Le chapitre 4 nous ramène à la période contemporaine, et aux rencontres entre la raison occidentale et les pratiques du bouddhisme tibétain. Idées forces : sortir du dualisme corps / esprit longtemps professé par les philosophies occidentales ; regarder de plus près et sans a priori comment fonctionne la méditation et ce travail qui conduit à « l’éveil » et à ses probables conséquences.
Des physiciens, des neurobiologistes vont approcher la « conscience » tibétaine à la recherche d’une « fonction mentale » soupçonnée, traquée, mais pas encore détectée dans le labyrinthe de notre cerveau. Un « improbable dialogue » qui débouchera pourtant sur des interrogations de part et d’autre. Des rencontres entre une nation de « moines » à la limite de la société féodale, et des « scientifiques » occidentaux dont J-P Barou et S. Crossman parlent déjà dans Enquêtes sur les savoirs indigènes (Gallimard Folio Essai). « Evidemment, tout cela est mystérieux, écrit l’actuel dalaï-lama, non prouvé scientifiquement ». Lui qui s’est souvent prêté à des expériences scientifiques occidentales. « Mais à un niveau spirituel, il doit exister certaines forces. » Peut-être des forces comme celles qui animent la pensée « globale, arborescente » de ceux que l’on appelle nos « surdoués », ou nos « enfants remarquables ».

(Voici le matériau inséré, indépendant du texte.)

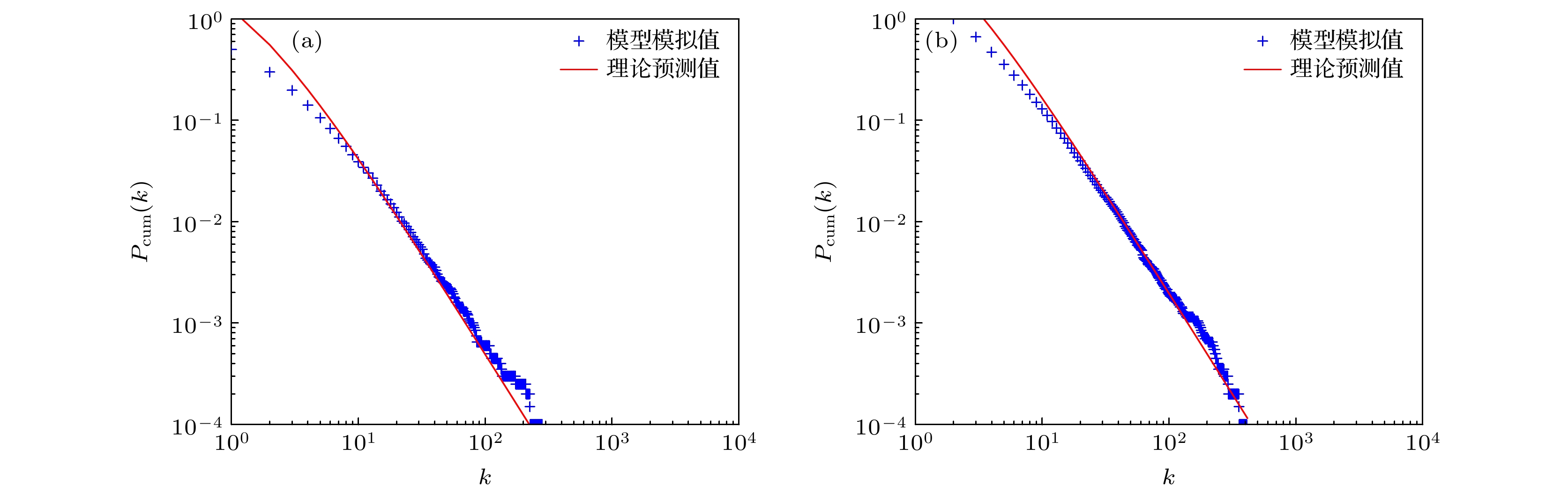图 3 $ d=2 $时模型的累积度分布与理论预测曲线. 横轴是度, 纵轴是累积度分布$ {P}_{\mathrm{c}\mathrm{u}\mathrm{m}}\left(k\right) $, 蓝色+表示模型的模拟值, 红色实线对应于方程(5)给出的理论预测值, 幂律指数为$ \tau =2 $ (a) $ m=1 $时模型的累积度分布模拟值与理论预测曲线; (b) $ m=2 $时模型的累积度分布模拟值与理论预测曲线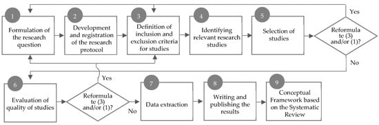 The methodological structure provided answers to the research questions related to the use of BIM in CDWM, which are detailed in Table 1. The systematic review was conducted following the latest Preferred Reporting Items for Systematic Reviews and Meta-Analyses (PRISMA) guidelines, reflecting the updates presented in the PRISMA 2020 Statement [42]. The PRISMA methodology is characterised by a structured flowchart that rigorously guides the steps of identification, selection, and inclusion of relevant documents. This process is complemented by the creation of an organised matrix with columns, enabling the efficient analysis of a large number of studies. The organisation proposed by PRISMA facilitates data extraction and comparison, that promotes greater clarity and consistency in the presentation of results. The methodological structure used for the development of this review was based on previous studies, such as [43,44], and involved the application of 9 steps, which are summarised in Figure 1.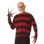 סט תחפושת פרדי קרוגר למבוגרים בהשראת דמות האימה האייקונית מסדרת סיוט ברחוב אלם, מושלם לפורים, מסיבות תחפושות ואירועי האלווין.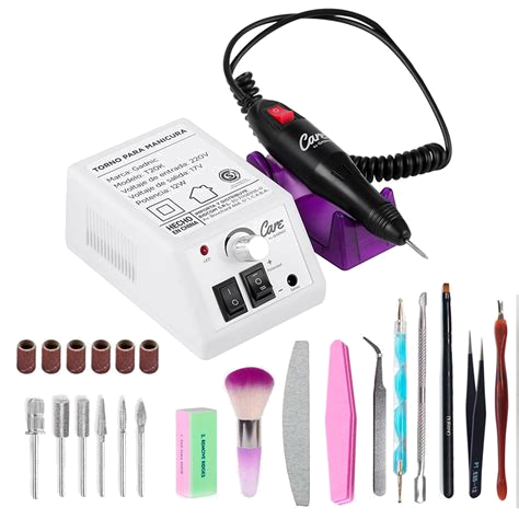 Torno de uñas profesional con cuerpo de aluminio, brocas y limas, ideal para manicuras precisas y eficientes. Giro reversible incluido.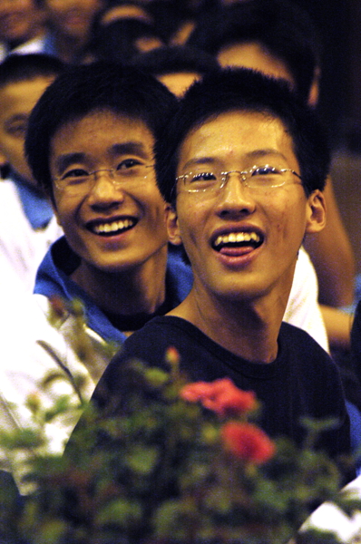 DJ大赛上,两位面带笑容的观众。外校很多传统活动一直持续至今。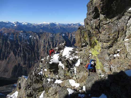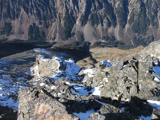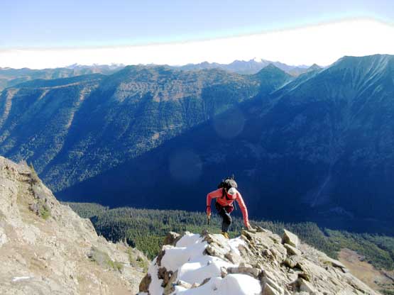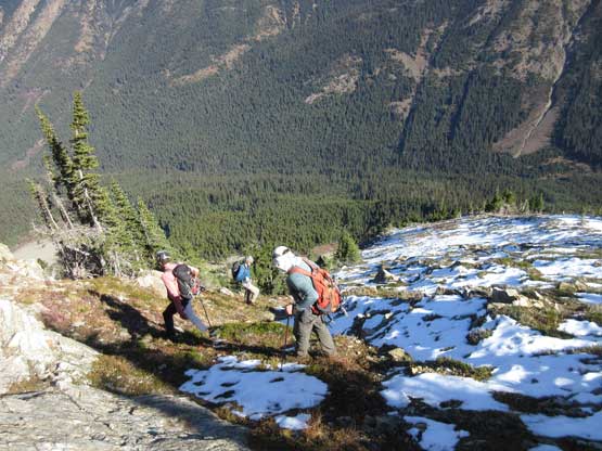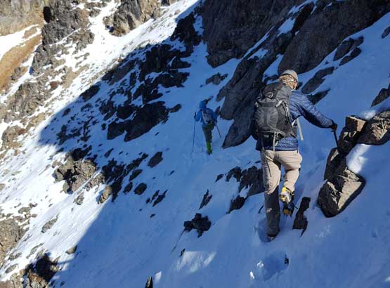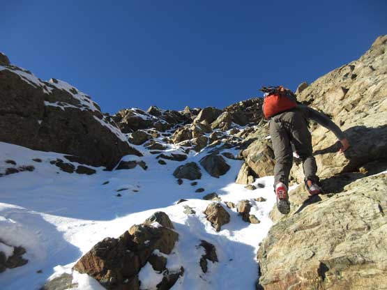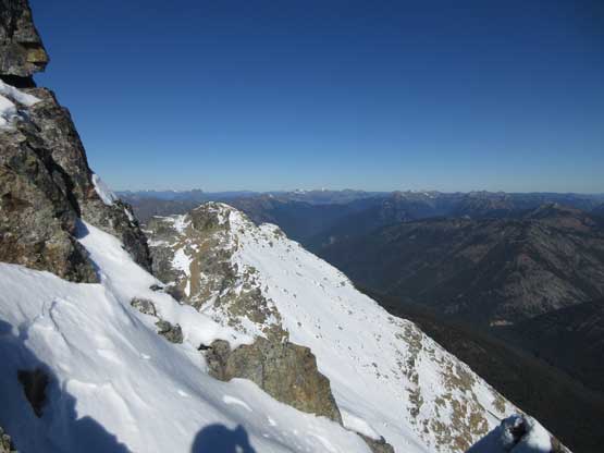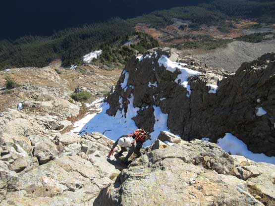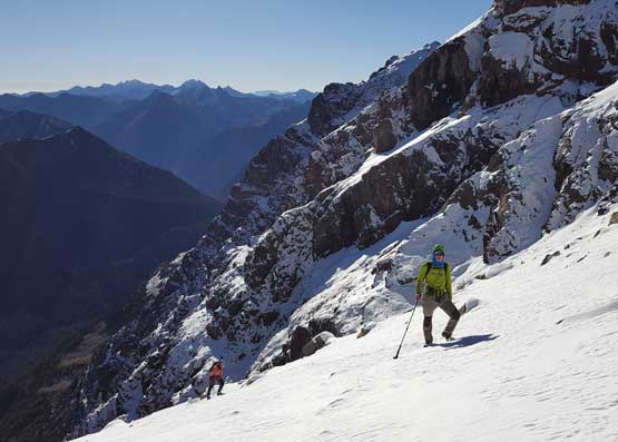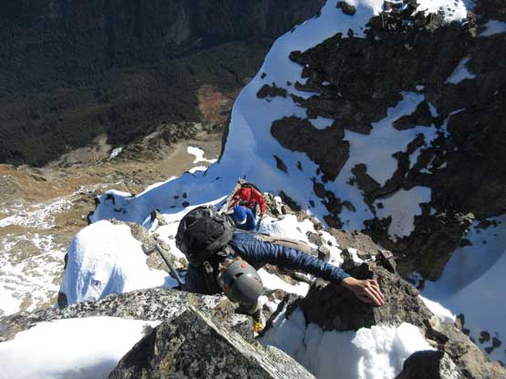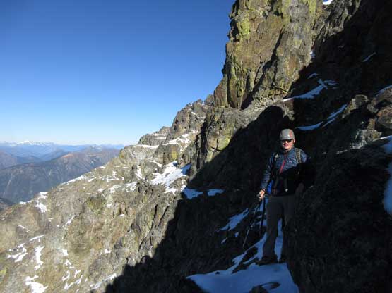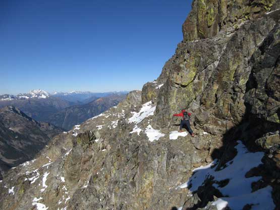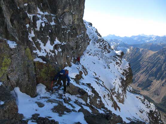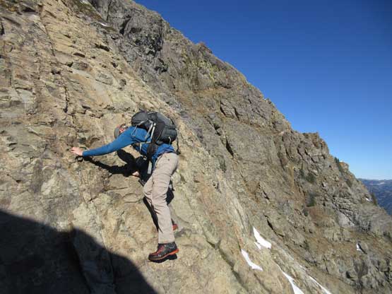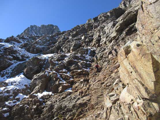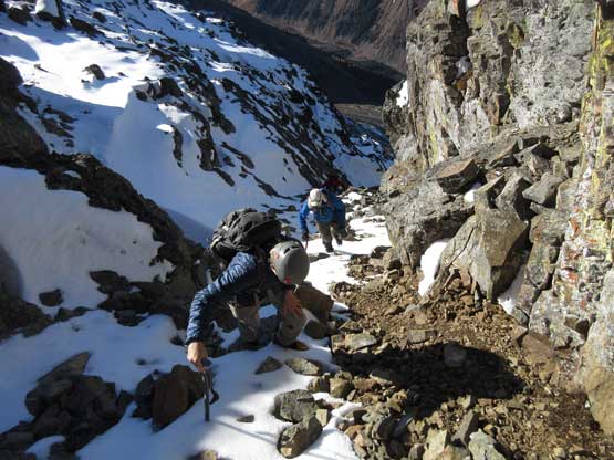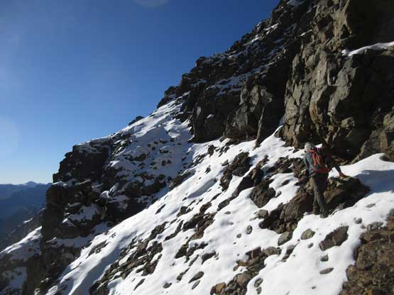 The upper face was considerably mellower than the lower face as the slope angle eased off. The downside was more fresh snow but honestly speaking I thought the snow made things easier especially on the last stretch slogging to Ballard’s high col. Without snow I’m sure that part would be treadmill scree but all we needed was some step-kicking. At the high col we donned crampons and took the axes out. I led the way staring the narrow ledge traverse on the west face. This ledge looked awfully scary but actually not at all. It was wide enough to walk across and the exposure was pretty mild for the whole stretch.

Cet essai est indispensable pour une « culture tibétaine ». Bien qu’écrit « avec une narration au bord parfois du romanesque » comme les auteurs l’avouent, ce ton donne justement un bon rythme de lecture et facilite probablement l’ingurgitation d’un contenu important, extrêmement documenté, et qui ne manque pas de questionner l’occidental et sa culture.
Les premières lignes : « Rien. Pas un mot, pas de chair, seulement des orbites creuses désignant la direction nord-est. Aucun lien de sang, de parenté, aucune assise visible. Un garçonnet dont nul ne connaît rien, pas même l’existence – quoiqu’il semble, lui, savoir pas mal de choses –, un petit fermier extrait de sa broussaille, de ses habits grossiers en peau de mouton, va se voir intronisé quatorzième dalaï-lama, « océan de conscience », prendre la succession du treizième de la lignée décédé à Lhassa, capitale du Tibet, deux ans auparavant. Au moment de la passation des pouvoirs, ces deux êtres semblent se saluer, se reconnaître, sans pourtant s’être jamais vus. » Éditions du Seuil 2010.